§ Task: Include the line containing "ヘコむあだ名 | 『酢こんぶ』『ひるを』『ひるふぇ~』 |" and every line after it up to the end of the material below; reproduce them exactly and drop the pictures.

§ Data block:
+ + + +

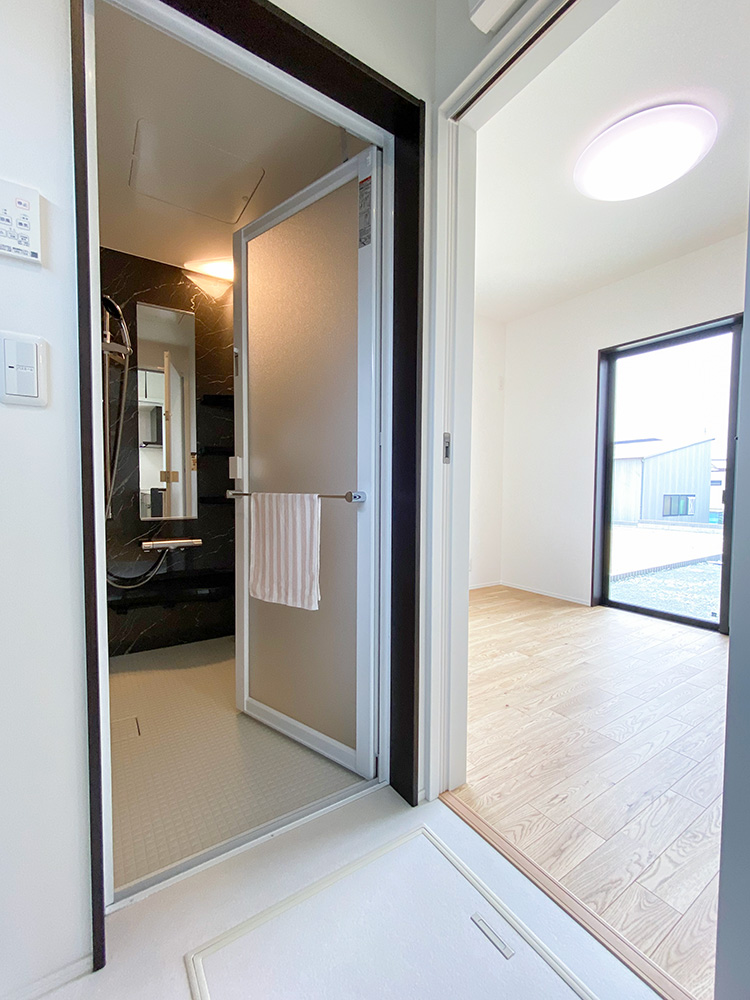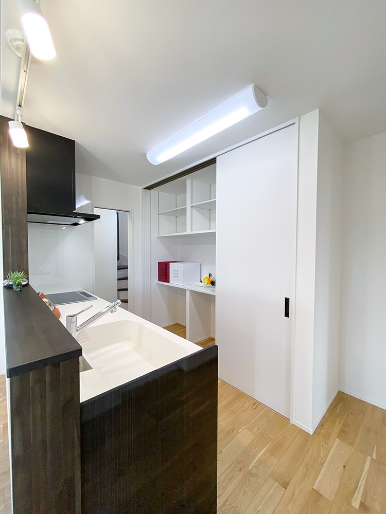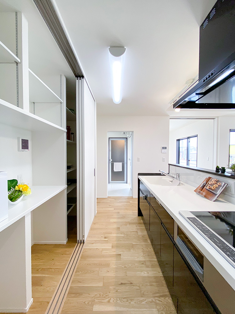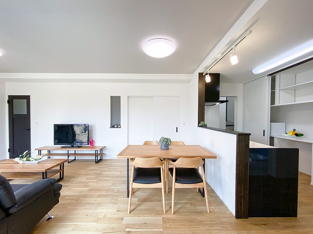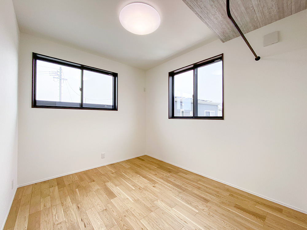 サンルームとウッドデッキ、ちょこっと和コーナーがついた欲張り住宅!1階での生活を充実させたい!という方におすすめの住まいです。敷地が広いので、玄関外で遊べるのも魅力です。
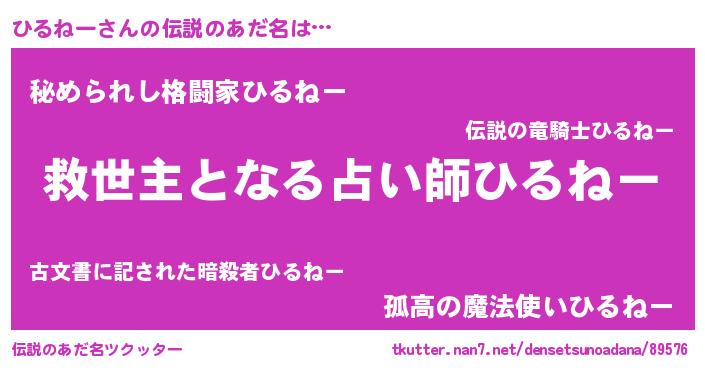 | ヘコむあだ名 | 『酢こんぶ』『ひるを』『ひるふぇ~』 |
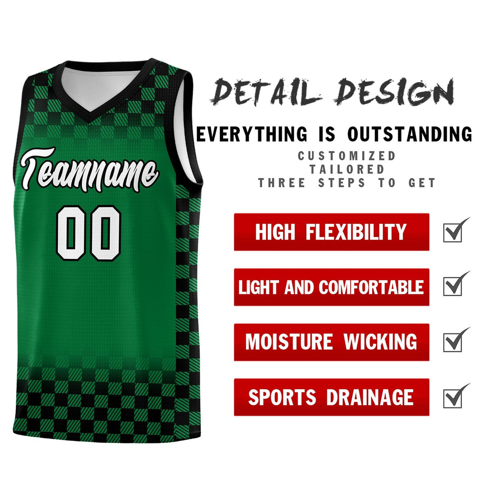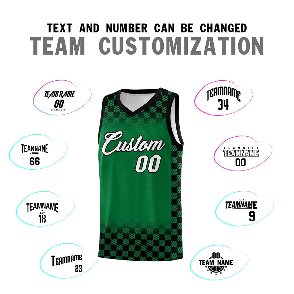 Custom Kelly Green Black Classic Plaid Pattern Sports Uniform Basketball Jersey

+ + + +

§ Result:
 | ヘコむあだ名 | 『酢こんぶ』『ひるを』『ひるふぇ~』 |
 Custom Kelly Green Black Classic Plaid Pattern Sports Uniform Basketball Jersey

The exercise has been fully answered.